14. Cl.35 barring civil courts from jurisdiction over matters pertaining to the Claims commission has rankled many political parties and commentators who have described it as unprecedented. It is quite unusual to see something so dramatic and I am inclined to think that the primary motivation is to reduce delays. As we all know, Indian civil courts have been plagued by the problem of overflowing dockets resulting in lengthy delays in case resolution. Creating specialized tribunals and limiting the appeals process are two ways to deal with this problem. Usually, the downside would be that denying multiple levels of review increases the chances of error and removing the supervision of the highest court could end up creating bad law for the country. In India’s specific case, I am not sure either of these necessarily holds true. A specialized forum devoting all its time to one kind of cases will likely have more time to deal with them and more importantly, far more experience dealing with the issue than a High Court or Supreme Court which deal with a variety of issues. Routine matters of claims resolution are no doubt different from questions pertaining to statutory interpretation which ought to normally belong in the domain of the superior courts but in our system, absent judicial reform, there are probably not a lot of advantages to this demarcation either. All of this is nevertheless largely theoretical; the reality is that the Supreme Court is extremely aggressive in defending its prerogative of judicial review which it sees as near absolute. In the 2007 case I.R.Coelho v. State of Tamil Nadu and Ors., the court did not hesitate to effectively nullify a provision incorporated through the First Amendment in 1951; only last month, in The State of West Bengal and Ors. v. The Committee for Protection of Democratic Respondents Rights, a challenge to the jurisdictional authority of High Courts in calling for CBI investigations failed despite clear statutory language and an explicitly circumscribed constitutional mandate. The odds are therefore excellent that even if the final version of this bill contains this provision, it will be struck down if and when challenged in court.

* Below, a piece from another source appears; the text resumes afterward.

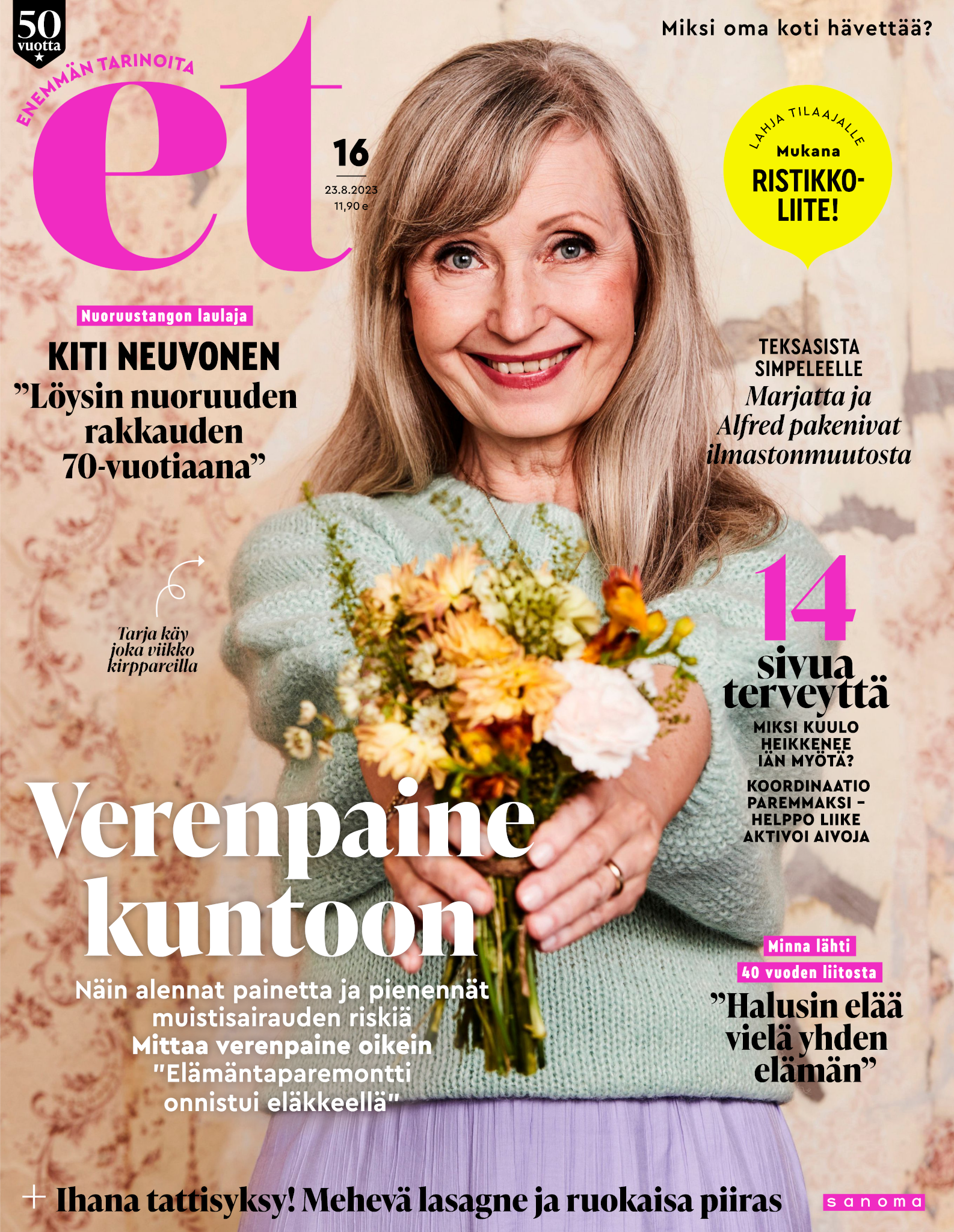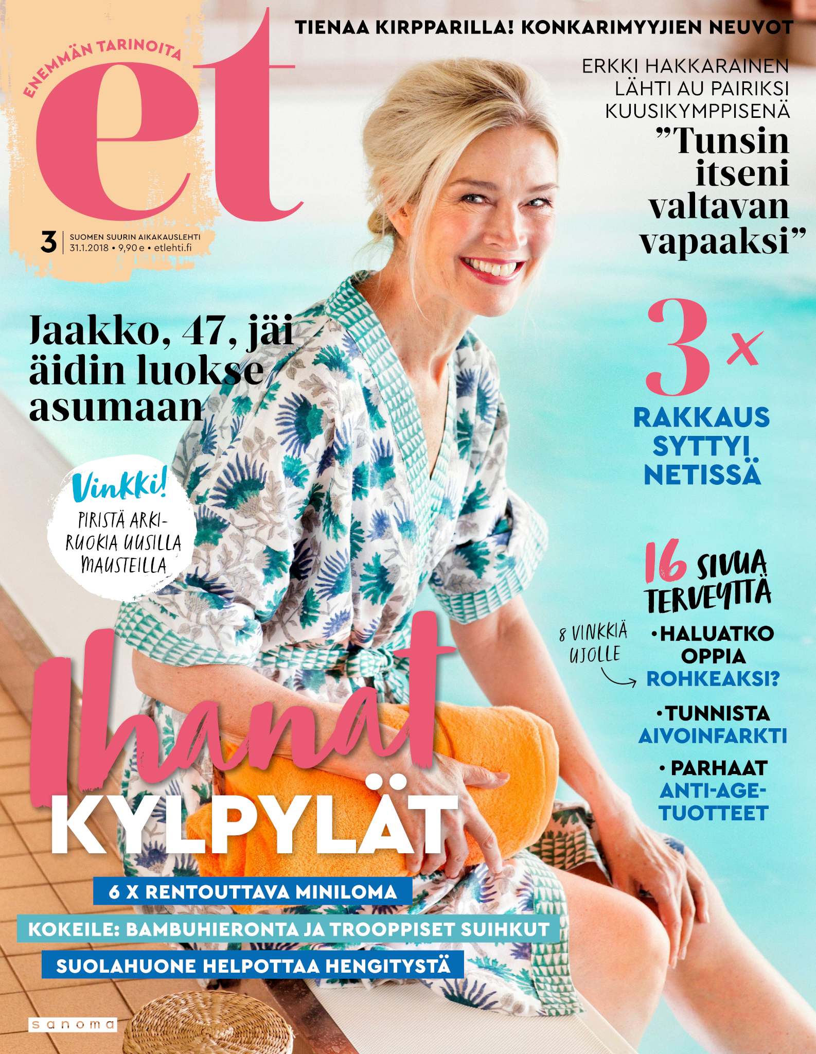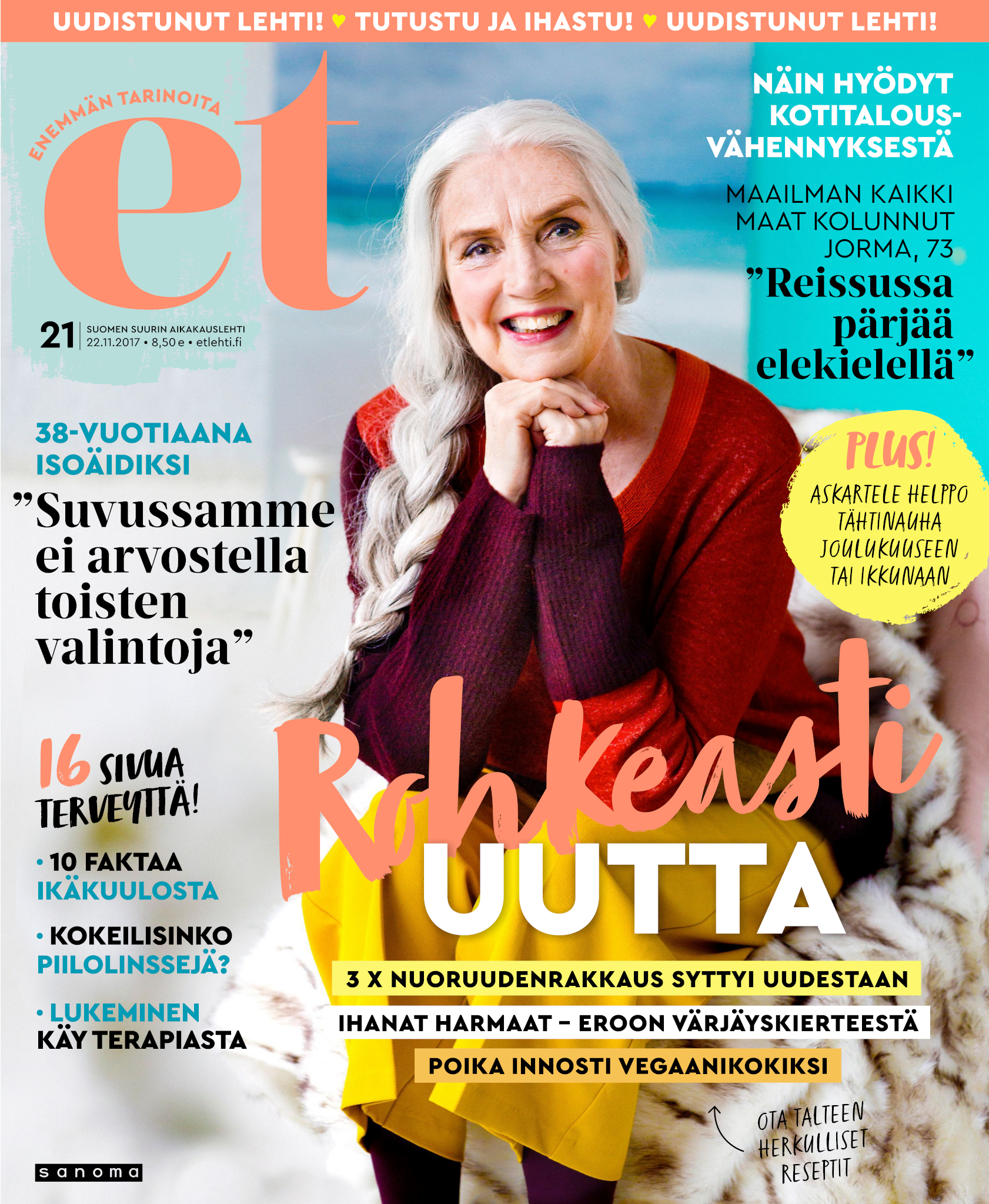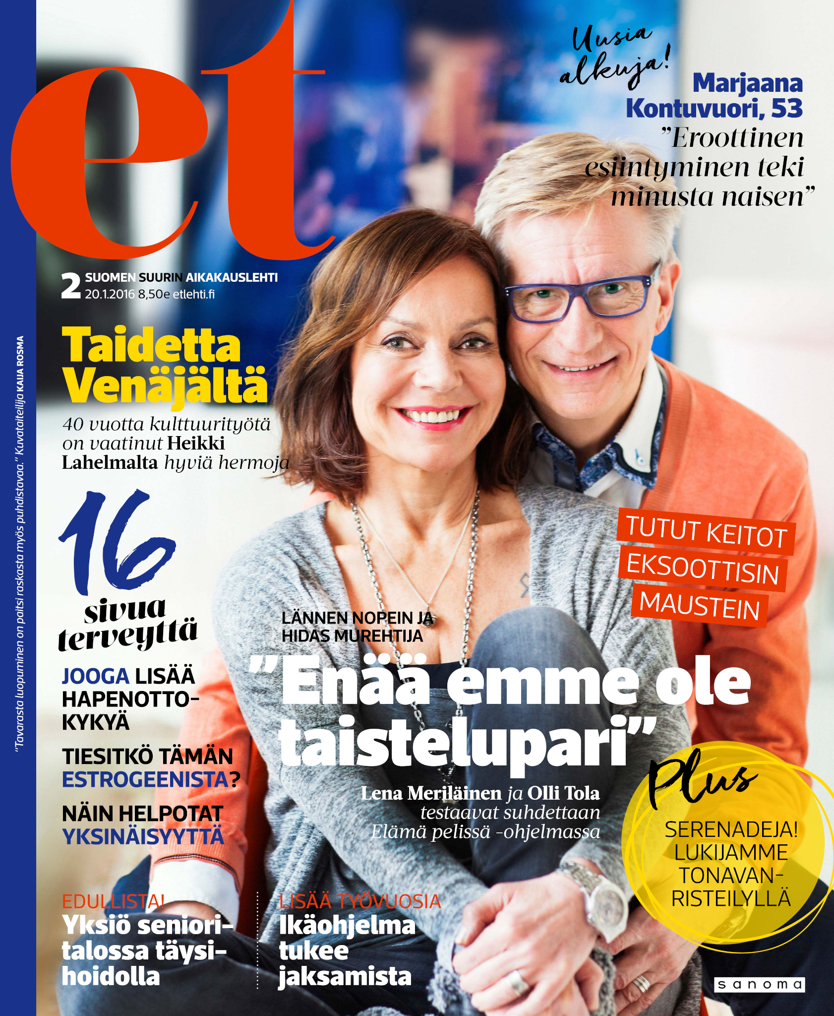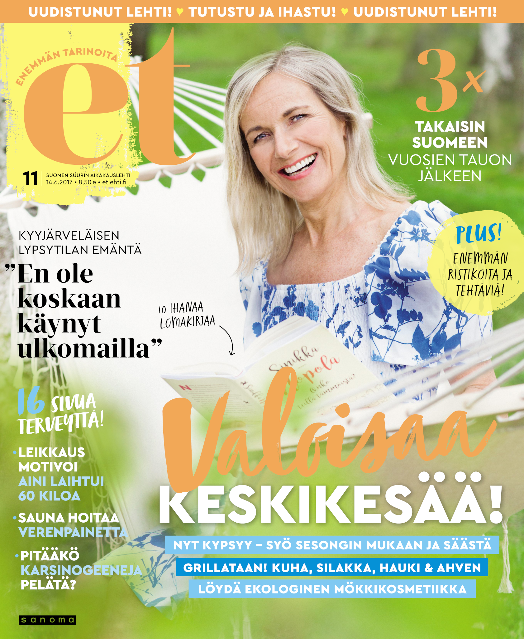 Tervetuloa mukaan ET:n innostavaan seuraan! Annamme vertaistukea ja tarjoamme hyötytiedon lisäksi nautinnollisia lukujuttuja kiinnostavista ihmisistä ja heidän elämänkohtaloistaan. ET kannustaa elämään omannäköistä elämää. Nautiskele arjen arvokkaista, pienistä asioista tai hanki uusia kokemuksia, löydä uusia kiinnostuksen kohteita tai löhöä sohvalla vaikka koko päivä! Kaikki käy! Me ET:ssä uskomme, että uteliaisuus elämän pieniä ja suuria asioita kohtaan pitää jokaisen päivän mielenkiintoisena ja mielen avoimena uusille kokemuksille. Uusi elämänvaihe on ihana ja jännittävä - otetaan siitä kaikki irti!

15. In conclusion, overall, the proposed bill is not just consistent with international practice but also delineates a pragmatic approach taking into account domestic limitations. Specific provisions such as the total liability cap under cl.6(1) and operators’ right to recourse against suppliers under cl.17(b) may be disputed and should be reconsidered. Amounts prescribed for the liability caps are debatable too. Others such as cl.35 which may not pass judicial muster are preferably redrafted or dropped. More issues may well come up as the debate goes forward.